Re: comment on unmanaged analysis presentation/doc

[Keith Moore <moore@cs.utk.edu>]

> While such a scheme might work for protocol 41 packets, I don't
> see how it can be made to work for other tunnels, especially encrypted
> tunnels.

there's no way to deal with xxx-to-host encrypted tunnels except to
have the host do the filtering.  that doesn't mean ingress filtering
isn't useful, just that it can't prevent all threats.  but we already
knew that.

> Thus I think a simpler and more general approach is to require that nodes
> only decapsulate packets when they trust the sender.

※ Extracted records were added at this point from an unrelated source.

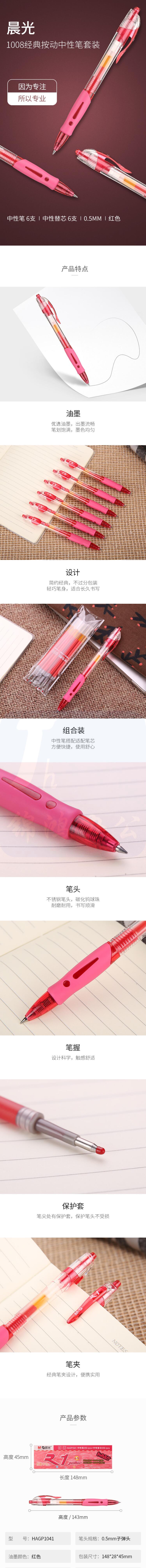 晨光GP1008红色0.5mm按动中性笔子弹头签字笔 12支/盒;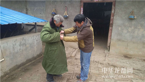 “前一段時間你給我們送的新被子還沒舍得蓋呢,這剛下大雪,又給我們送來了棉大衣。外邊太冷,快到屋里坐,快到屋里坐。”鄲城縣發(fā)改委主任孟憲紅把棉大衣挨家送到雙樓鄉(xiāng)張廟村貧困老人家中,張老漢感激不已,連忙讓座。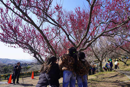 梅林は、南高梅など約8万本が植えられており、赤や白の花がかれんに咲き誇る。梅の里観梅協会によると、今年は平年より1週間ほど早く開花したという。天候にもよるが、見頃は今月中旬まで続く見込み。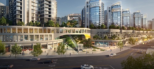 단지 저층부는 이태원과 인접하고 외국대사관이 모여있는 이국적인 분위기의 지역성을 반영하여 유럽 고건축의 디자인을 현대적으로 재해석, 수려한 곡선의 아치와 회랑을 차용한 디자인 요소를 사용하였으며, 고층의 주동에는 유리커튼월과 알루미늄패널 등을 사용한 미래지향적인 디자인으로 원경에서 바라보았을 때, 대한민국의 중심으로서의 절대적인 상징성을 전달하고자 한다.

one problem is, the node really doesn't know who the "sender" is - it 
only knows the source address.  another problem is, the reason that
sites implement ingress filtering in the first place is that they don't
trust the nodes to filter or ignore those packets - perhaps because
they lack adequate means of communicating policy to those nodes and
ensuring that the nodes enforce that policy.

Keith

p.s. another idea that might be worth exploring is to have 
relay-routers and address-translators embed the original source 
address in the packet in a way that won't interfere with the processing 
of the payload but still preserves trace information - say as an IP 
option.  I realize that there are serious penalties with use of IP 
options - in particular causing routers to do "slow path" processing - 
but perhaps somebody knows another way to embed that information in
packets or a way to use IP options that doesn't cause such problems.